3. **Feature Engineering**: Handles missing data, encodes categorical variables, and examines feature correlations.
4. **Data Balancing**: Uses RandomUnderSampler and SMOTE to address class imbalance.
5. **Model Selection**: Compares Random Forest, SVM, and XGBoost classifiers.
6. **Hyperparameter Tuning**: Uses Optuna for automated optimization of XGBoost.
7. **Evaluation**: Reports F1 score, confusion matrix, and classification report.
8. **Explainability**: Applies SHAP for model interpretation.
9. **Model Export**: Saves the trained model for deployment.
---
## Model Results
### Preprocessing
- **Missing Values**: Imputed missing `bmi` values with the mean.
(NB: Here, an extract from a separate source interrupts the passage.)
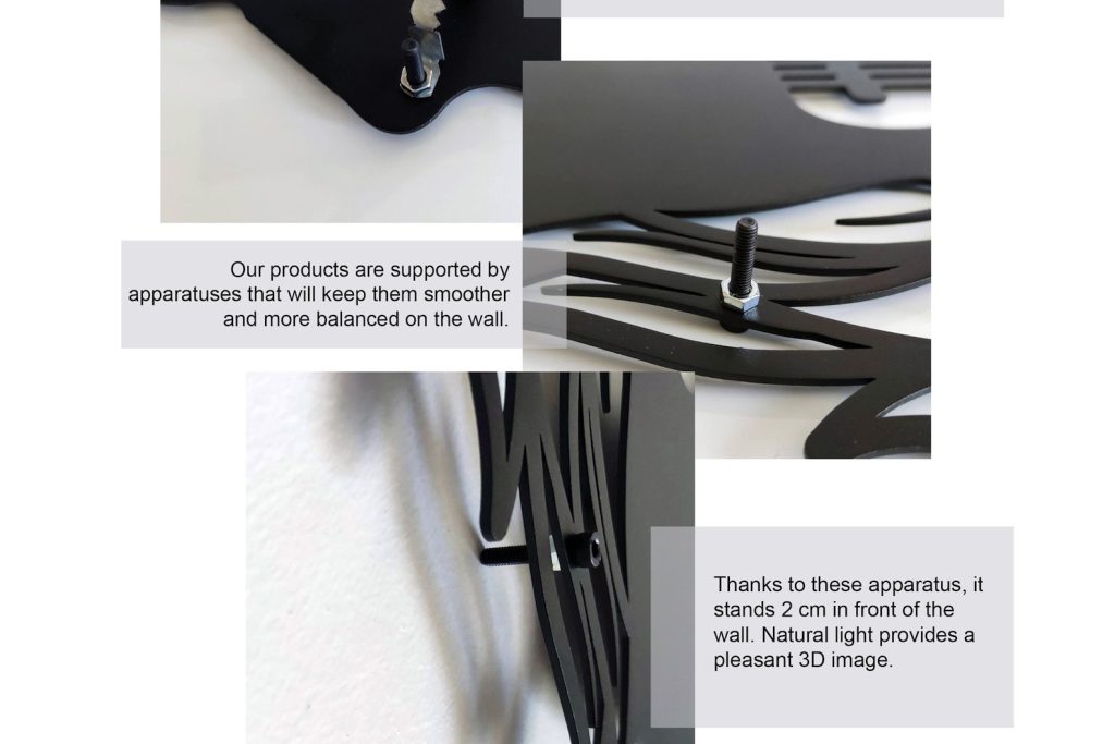 Our products are strong and light. The product, which can be easily hung, does not require an additional assembly process. You can easily hang the product with the hanger on the back of each piece of product.

- **Categorical Encoding**: Used `OrdinalEncoder` to convert categorical features to numeric.
- **Feature Selection**: Dropped the `id` column and checked for highly correlated features.
### Data Balancing
- **RandomUnderSampler**: Reduced the majority class to 10% of its original size.
- **SMOTE**: Oversampled the minority class to achieve a 1:1 ratio.
### Training
- **Train-Test Split**: Stratified split to preserve class distribution.
- **Model Comparison**: Evaluated Random Forest, SVM, and XGBoost on balanced data.
- **Best Model**: XGBoost achieved the highest F1 score.
### Hyperparameter Tuning
- **Optuna**: Ran 50 trials to optimize XGBoost hyperparameters (e.g., `n_estimators`, `max_depth`, `learning_rate`, `gamma`, etc.) using 5-fold cross-validation and F1 score as the metric.
### Evaluation
- **F1 Score**: Achieved ~90% F1 score on the balanced test set.
- **Confusion Matrix**: Demonstrated balanced sensitivity and specificity.
- **Classification Report**: Provided detailed precision, recall, and F1 for each class.
- **Explainability**: SHAP analysis identified the most influential features and provided local/global interpretability.
---
## How to Install
Follow these steps to set up the project using a virtual environment:
```bash
# Clone or download the repository
git clone https://github.com/DeepActionPotential/StrokeLineAI
cd StrokeLineAI
# Create a virtual environment
python -m venv venv
# Activate the virtual environment
# On Windows:
venv\Scripts\activate
# On macOS/Linux:
source venv/bin/activate
# Upgrade pip
pip install --upgrade pip
# Install dependencies
pip install -r requirements.txt
```
---
## How to Use the Software
1. **Run the Web Application**
Start the Streamlit app:
```bash
streamlit run app.py
```
2. **Demo**
## [demo-video](demo/strokeline_demo.mp4)
![demo-screenshot](demo/strokeline_demo.jpeg))
---
## Technologies Used
### Data Science & Model Training
- **matplotlib, seaborn**: Data visualization.
- **scikit-learn**: Preprocessing, model selection, metrics, and pipelines.
- **imbalanced-learn**: Advanced resampling (SMOTE, RandomUnderSampler) for class balancing.
- **XGBoost**: High-performance gradient boosting for classification.
- **Optuna**: Automated hyperparameter optimization.
- **SHAP**: Model explainability and feature importance analysis.
### Deployment
- **Streamlit**: Rapid web app development for interactive model inference.
- **joblib**: Model serialization for deployment.
---
## License
This project is licensed under the MIT License.
See the [LICENSE](LICENSE) file for details.